I understand why my expectation is wrong. The thing is, sometimes I really
need to sort a list to get rid of alphabetic variants of non-ground terms. In
that case, I resort to what feels like hackery, of the form, e.g.:

setof(T
     ,Ls^(member(T,Ls)
         ,numbervars(T)
     )
     ,Ts_)
,varnumbers(Ts_, Ts)

But, like I say, that sounds hacky and I’m also concerned about the overhead
of skolemising everything.

Note that I expect any terms that unify to be treated as identical. So for
instance, I am also surprised when, say, p(A,B) and p(a,B) are sorted as
different terms.

This has bit me multiple times in the last few weeks (months, even) and I
wanted to hear what people think.

To clarify- I’m not raising a complaint of any sort. It’s just something that
I still find very confusing and like I say I keep bumping my head on it all
the time.

Thanks for your help!
Stassa

I think you could “roll your own” to get what you are after. With the following comparing predicate:

unify_compare(Delta, A, B) :-
    (   unifiable(A, B, _)
    ->  A = B, Delta = (=)
    ;   compare(Delta, A, B)
    ).

… and using predsort/3:

?- predsort(unify_compare, [p(A,B), p(C,D), p(E,F)], Sorted).
A = C, C = E,
B = D, D = F,
Sorted = [p(E, F)].

?- predsort(unify_compare, [p(A,B), p(a, B)], Sorted).
A = a,
Sorted = [p(a, B)].

But, as you see, now you have unified the variables. You could also not unify inside your comparison predicate:

unifiable_compare(Delta, A, B) :-
    (   unifiable(A, B, _)
    ->  Delta = (=)
    ;   compare(Delta, A, B)
    ).

And now:

?- predsort(unifiable_compare, [p(A,B), p(C,D), p(E,F)], Sorted).
Sorted = [p(A, B)].

?- predsort(unifiable_compare, [p(A,B), p(a, B)], Sorted).
Sorted = [p(A, B)].

But now I am really not sure what this is supposed to mean Which term would you like to see in the “sorted” list? p(a, B) or p(A, B)? The current definition of predsort/3 takes the first element if they are equivalent, so changing the order of the original list will change the result:

?- predsort(unifiable_compare, [p(a, B), p(A, B)], Sorted).
Sorted = [p(a, B)].

What would your intuition do with:

?- _Ls = [p(A,B), p(C,D), p(E,F)], sort(_Ls, Ss), A=1, B=2, C=3, D=4, E=5, F=6.
_Ls = Ss, Ss = [p(1, 2), p(3, 4), p(5, 6)]

vs

?- _Ls = [p(A,B), p(C,D), p(E,F)], sort(_Ls, Ss), A=1, B=2, C=A, D=B, E=A, F=B.
_Ls = Ss, Ss = [p(1, 2), p(1, 2), p(1, 2)]

vs

?- _Ls = [p(A,B), p(C,D), p(E,F)], sort(_Ls, Ss), A=6, B=5, C=4, D=3, E=2, F=1.
_Ls = Ss, Ss = [p(6, 5), p(4, 3), p(2, 1)]

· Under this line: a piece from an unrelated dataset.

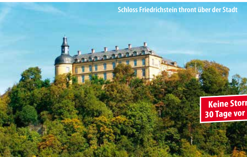
Schloss Friedrichstein thront über der Stadt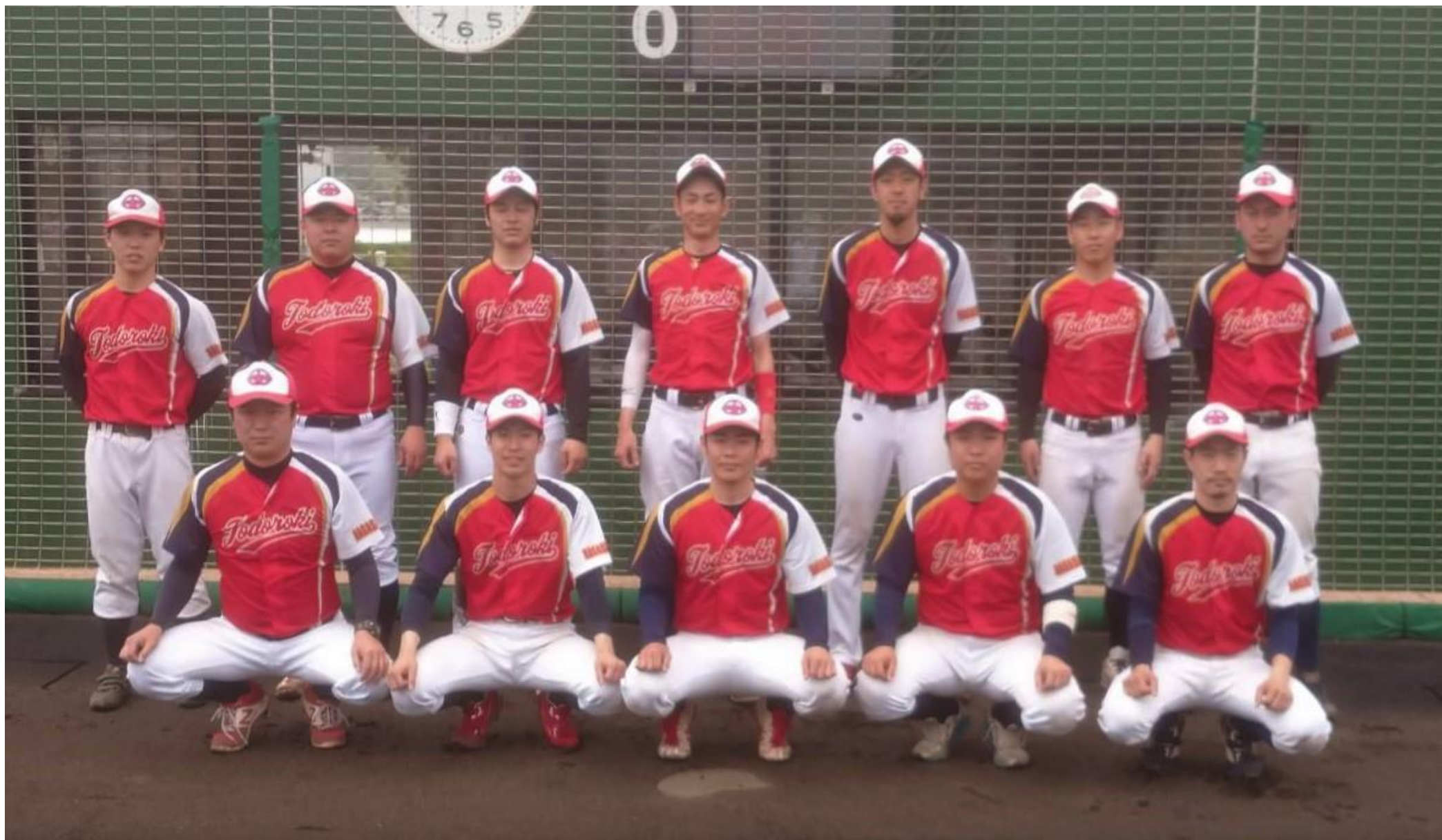
1部予選会で優勝の『轟クラブ』

Thanks, I hadn’t noticed predsort/3 before. I usually go directly to sort/4 to remind myself of the strange symbols.

But now I am really not sure what this is supposed to mean Which term would you like to see in the “sorted” list? ``

I’m guessing, if alphabetic variants are considered identical you can just take the one that is found first in the list. I think, as long as it’s clearly explained what the predicate does it’s OK if its semantics are a bit hairy. I’d just have to be careful when documenting the code.

Edit: My latest confusion was in the context of trying to use library(ordsets) to take “set” intersections and differences (e.g. with ord_intersect/3 etc). For that purpose, it doesn’t really matter which term comes first because each “set” should already be sorted and without duplicates. Unfortunately, when two terms that are alphabetic variants are in different sets, things become more complicated. The library(list) set operations (intersection/3 etc) perform unification but they don’t assume ordering so they’re expensive. I’ll probably have to bodge something together by copying bits off library(ordset) and replacing compare with something like your unifiable_compare/3 predicate to get what I want.

I don’t know. Sorry, it’s a bit late and my brain is not working very well. What do your examples mean?

My point is: if you sort a list with variables, and two of the list item can unify, then it’s not clear what the result should be. A subsequent unification could cause the list to remain sorted, or the unification could make the list unsorted (or contain duplicates). So, for sort/2 to be always meaningful, the list elements need to be “sufficiently” ground (they can contain variables, but no all the list elements should be pair-wise non-unifiable).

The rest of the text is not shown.